— Material shown —

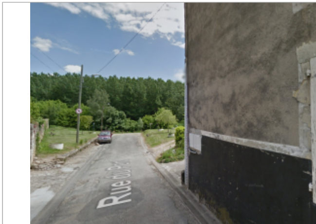
Vue du site
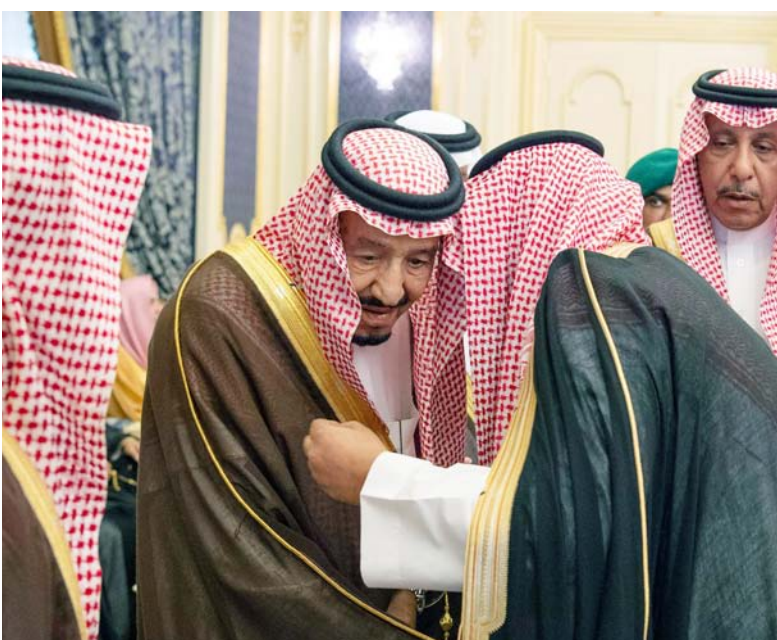
.. ومستمعا لأحد الحضور.
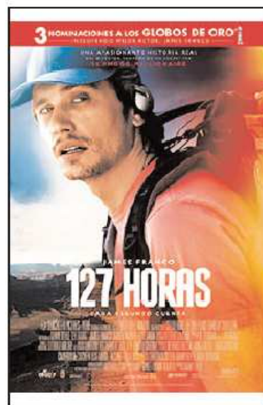
Cartel de la película 127 horas

¿Hasta dónde estarías dispuesto a llegar para sobrevivir?
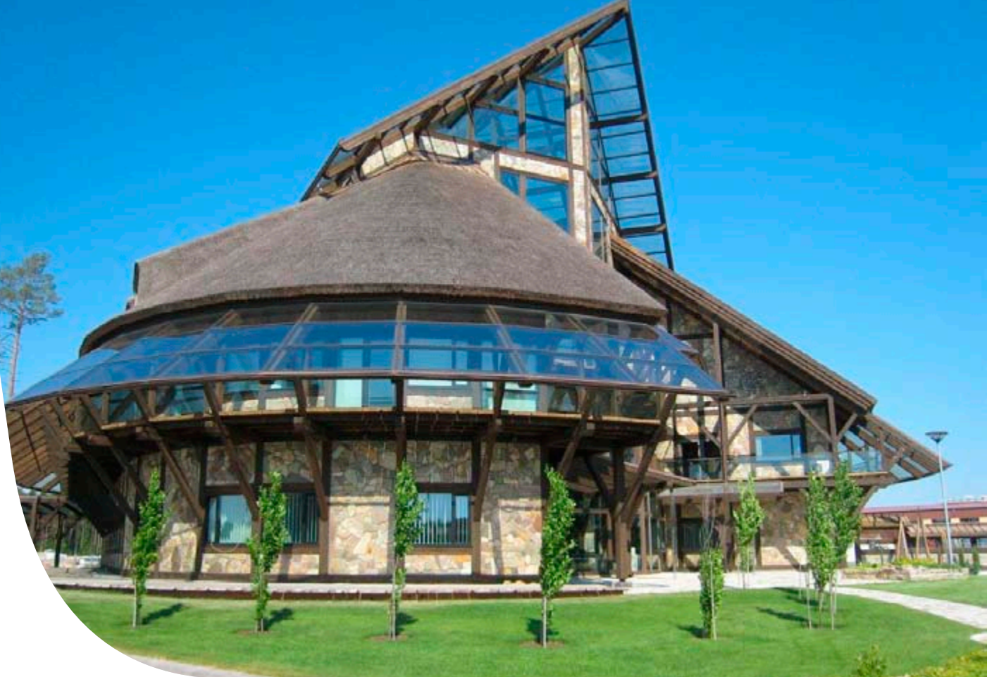
Biolan Oy pääkonttori, Eura.
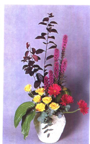
④蛇鞭菊下插入一丛非洲菊，并用玉簪叶使作品平衡，用尤加利叶片填盖花泥
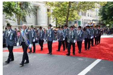
vor der Ehrentribüne
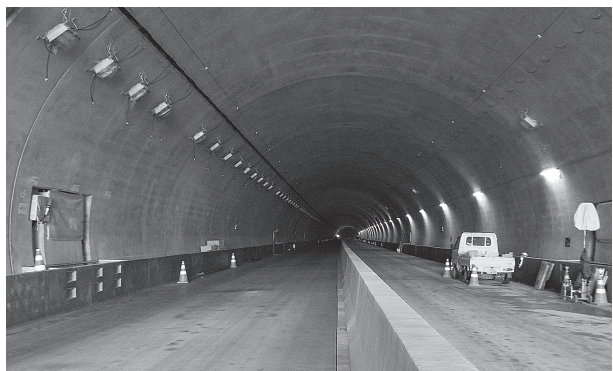
舗装および中央分離帯が完成しました
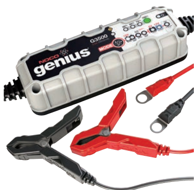
Art. nr 9450350
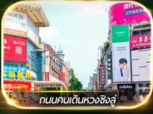
ถนนคนเดินหวงซิงอู๋

หมู่บ้านโบราณฟุรงเจิน + พิพิธภัณฑ์ภาพวาดหินกรวด ตึกมหัศจรรย์ 72 เทียนเหมินซาน ถ้ำประตูสวรรค์ ถนนคนเดินหวงซิงอู๋

— Work to be completed —
Output exactly the lines from the one that has "Cartel de la película 127 horas" through the end of the data. Do not include pictures.

— Written response —
Cartel de la película 127 horas

¿Hasta dónde estarías dispuesto a llegar para sobrevivir?
Biolan Oy pääkonttori, Eura.
④蛇鞭菊下插入一丛非洲菊，并用玉簪叶使作品平衡，用尤加利叶片填盖花泥
vor der Ehrentribüne
舗装および中央分離帯が完成しました
Art. nr 9450350
ถนนคนเดินหวงซิงอู๋

หมู่บ้านโบราณฟุรงเจิน + พิพิธภัณฑ์ภาพวาดหินกรวด ตึกมหัศจรรย์ 72 เทียนเหมินซาน ถ้ำประตูสวรรค์ ถนนคนเดินหวงซิงอู๋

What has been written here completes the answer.